Proving the Relationship Between Determinants and Hyperplanes

[Harmony]

Homework Statement

[PLAIN]http://img835.imageshack.us/img835/1108/question.png

The Attempt at a Solution

I understand that the determinant represents the set of points, x in R_k which lies in the hyper plane passing through the points p1, p2...p_k. I also know, that if the determinant is non zero, and the sign is opposite for two choice of x, then they must be on different side of the hyper plane.

However, i am not too sure how can i prove this. My first thought is that this looks like the determinant to a Jacobian, but can't proceed much beyond that.

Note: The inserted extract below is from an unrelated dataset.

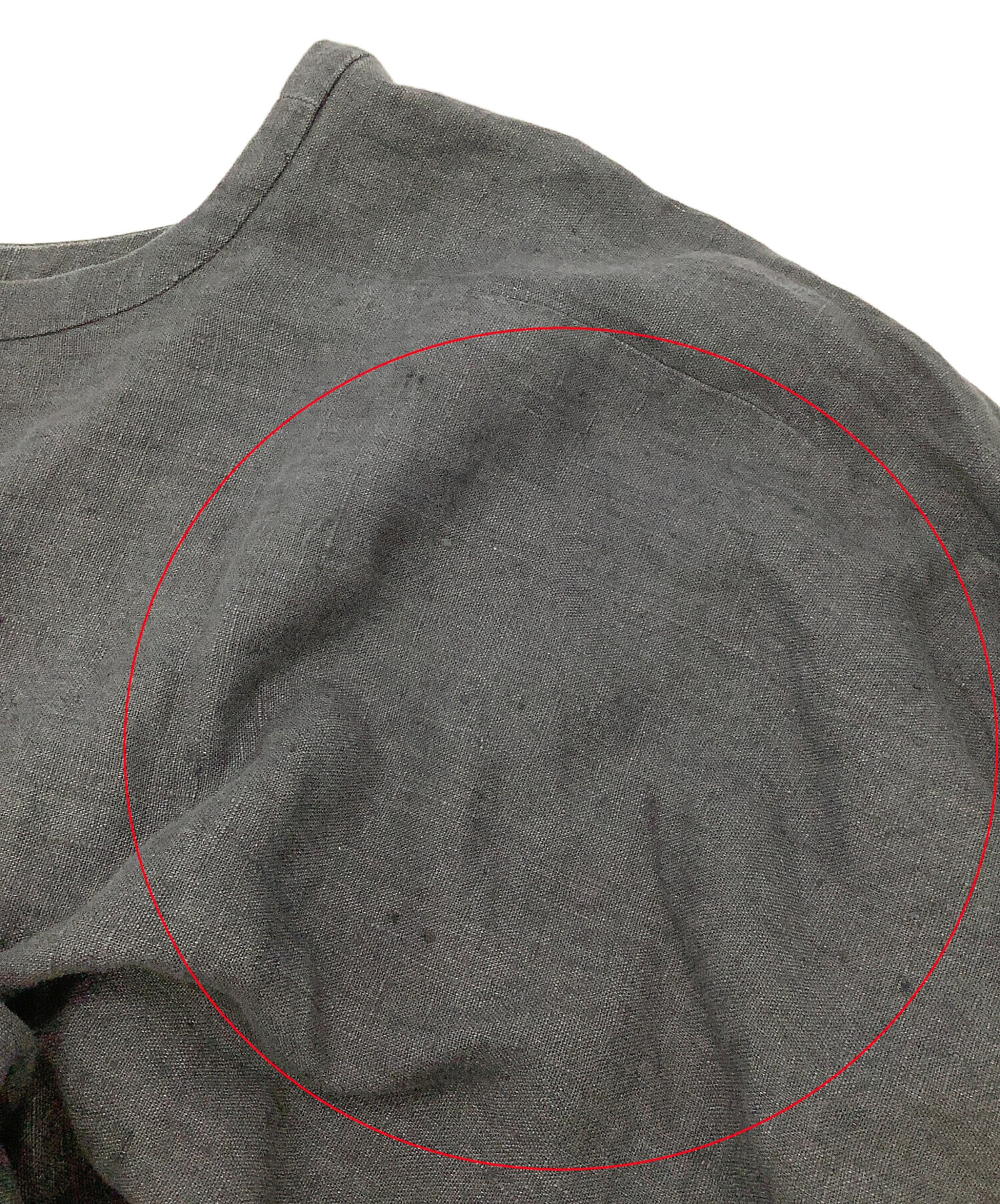 目立つシミや汚れ、におい等がある場合は商品画像や説明文にて極力表記させていただいておりますが、中古品という商品の特性上、全ての瑕疵や不備、洋服直し箇所を撮影・記載をすることは難しくなっております。また、ほとんどのアイテムは店頭と併売しておりますため、出品掲載時からコンディションが変動している場合もございます。あらかじめご了承くださいませ。

Any hints and helps is appreciated. Thanks.

 

[HallsofIvy]

Since the problem asks specifically about the cases k= 2 and k= 3 did you look at them? Often when a problem asks about "2" and "3" and then "n", the first two are intended as a hint.

With k= 2, this equation becomes
$$\left|\begin{array}{ccc}1 & 1 & 1 \\ x & p_{1x} & p_{2x} \\ y & p_{1y} & p_{2y}\end{array}\right|= \left|\begin{array}{cc}p_{1x} & p_{2x} \\ p_{1y} & p_{2y}\end{array}\right|- \left|\begin{array}{cc}x & p_{2x} \\ y & p_{2y} \end{array}\right|+ \left|\begin{array}{cc}x & p_{1x} \\ y & p_{1y}\end{array}\right|$$
where I have expanded by the first row.
You can continue but it should be obvious that you will have a linear equation in x and y- the equation of a line.

Similarly, in three dimensions, expanding by the first row gives you numbers multiplying in x, y, and z, again a linear equation. That will be the equation of a plane.

Since there is only one "x" in the determinant, no matter what k is that reduces to a linear equation in the k components of x so gives a k-1 dimensional linear manifold, a "hyperplane" as you titled this thread. (But not necessarily a subspace. The set will contain the origin only if the determinant of the given "p"s is 0.)

 

[Harmony]

[PLAIN]http://img823.imageshack.us/img823/1883/questiona.png

Thanks for your help. I am stuck with the next part of the question though. I know that a and b will lies on the different side of the line/plane/hyper plane, but I am not too sure how to provide a rigorous proof for that...